10. The apparatus according to claim 8 or 9, characterized in that, The adjustment subunit is used for: Obtain the storage time of each face data in the face database of the target device; The face data in the face database of the target device are deleted sequentially according to the storage time from earliest to latest, until the current storage space of the face database of the target device meets the target storage space data.

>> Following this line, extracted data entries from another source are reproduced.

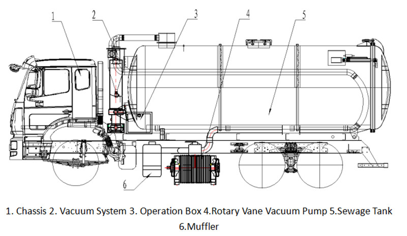 ● Den använder en tekniskt avancerad vattenringvakuumpump, som ger stark sugkraft och ett långt sugområde, vilket gör den särskilt lämplig för pumpning, transport och tömning av slam från avlopp.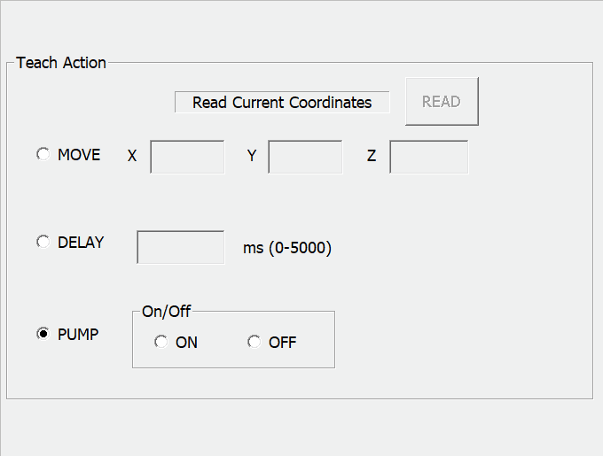 라디오 버튼을 MOVE, DELAY, PUMP 이렇게 3개를 만들었다.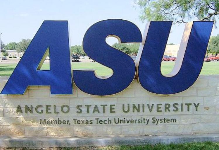 Keywords: Asusign.jpg en Entrance sign at Angelo State University Own ASUPHOTOG 2009-05-13 Angelo State University
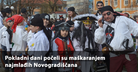 U pokladnoj povorci bilo je 18 pokladnih skupina sa oko 600 djece. Do središta grada došli su predvođeni Gradskom glazbom, mažoretkinjama, i plesačima Plesnog studija Marine Mihelčić. Na središnjem trgu pozdravila ih je, zajedno s okupljenim Novogradiščanima, Verica Lukačević, predsjednica Društva „Naša djeca“ koje je i ove godine, zajedno s OŠ „Mato Lovrak“, bilo uspješan organizator dječjeg pokladnog dana. Zahvalila se i donatorima i sponzorima pekarnicama „Jergović“ i „Anton“ te Anti Kolinskom.
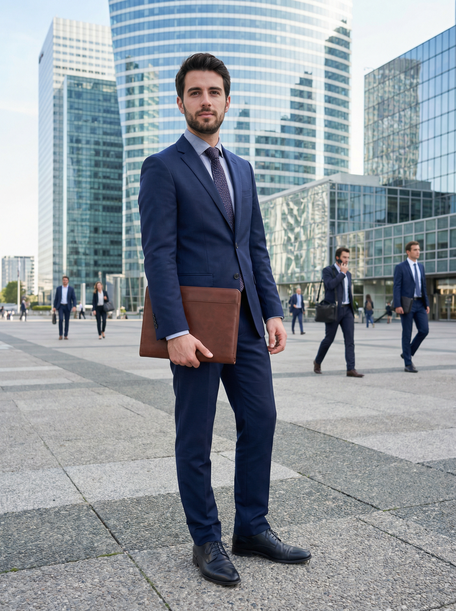 model in sharp business suit, tie, dress shoes, leather portfolio in La Défense business district, modern skyscrapers, glass architecture, professional atmosphere, urban business setting, contemporary Paris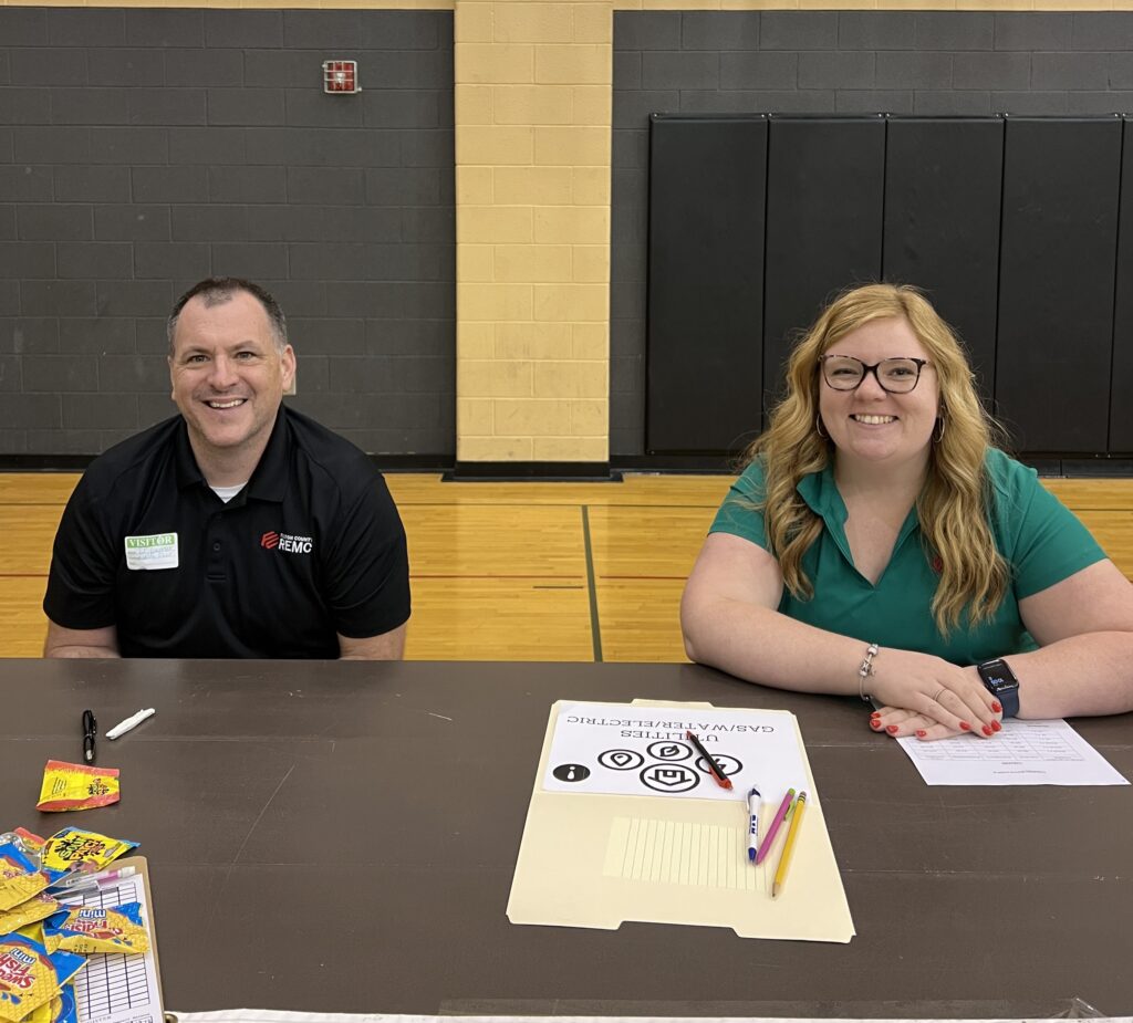 Carissa Ziemek and TJ Garner recently worked the utilities table at Rochester High Schools Reality Store. During this mock event students are given a career, and salary and get a taste of adult reality.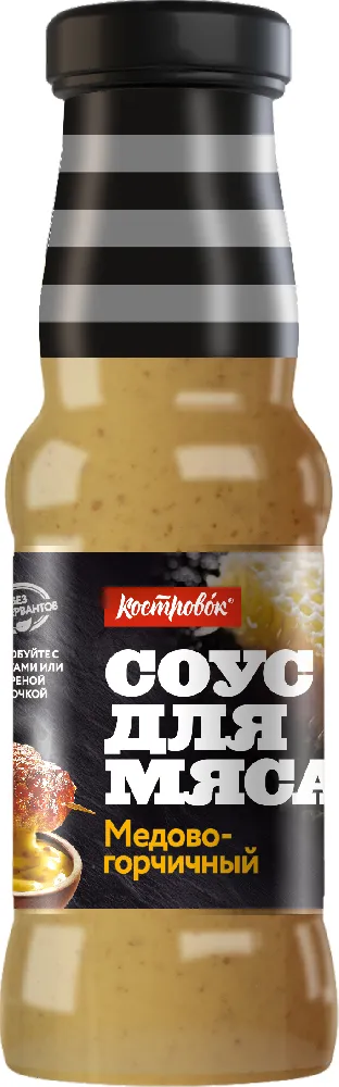 Состав: вода питьевая, масло подсолнечное, сахар, уксус спиртовой, огурцы, горчичное семя , лук репчатый, мед, соль, концентрированный виноградный сок, загустители, яичный желток, мальтодексин, олеорезин красного стручкового перца, регуляторы кислотности/

11. The apparatus according to claim 8, characterized in that, The identification unit includes: The first search subunit is used to search for a target face feature that matches the face feature to be identified in the face database of the adjusted target device; The second search subunit is used to search for a target face feature that matches the face feature to be identified in the face database of the associated device when no target face feature matching the face feature to be identified is found in the face database of the adjusted target device. The first feedback subunit is used to feed back the face recognition result corresponding to the target face feature to the adjusted target device when a target face feature matching the face feature to be identified is found in the face database of the associated device.
12. The apparatus according to claim 11, characterized in that, The data processing device further includes: The first identification unit is used to perform face recognition on the face feature to be identified in the cloud when no target face feature matching the face feature to be identified is found in the face database of the associated device. The second feedback unit is used to feed back the face recognition results from the cloud to the adjusted target device.
13. The apparatus according to claim 8, characterized in that, The data processing device further includes: The comparison unit is used to compare the face data in the face database of the target device and the associated device; The removal unit is used to remove duplicate face data based on the comparison results.
14. The apparatus according to claim 13, characterized in that, The removal unit includes: The second determining subunit is used to determine duplicate face data based on the comparison results; The third determining subunit is used to determine the target adjustment device with a smaller storage space based on the storage space data of the target device and the associated device; A removal subunit is used to locate and remove duplicate face data in the target adjustment device.
15. A computer-readable storage medium, characterized in that, The computer-readable storage medium stores a plurality of instructions adapted for loading by a processor to perform the steps of the data processing method according to any one of claims 1 to 7.
16. A computer device, characterized in that, It includes a memory and a processor; the memory stores an application program, and the processor is used to run the application program within the memory to perform the steps of the data processing method according to any one of claims 1 to 7.
17. A computer program product, characterized in that, The computer program product includes computer instructions stored in a storage medium; the processor of the computer device reads the computer instructions from the storage medium and executes the computer instructions, causing the computer device to perform the data processing method according to any one of claims 1 to 7.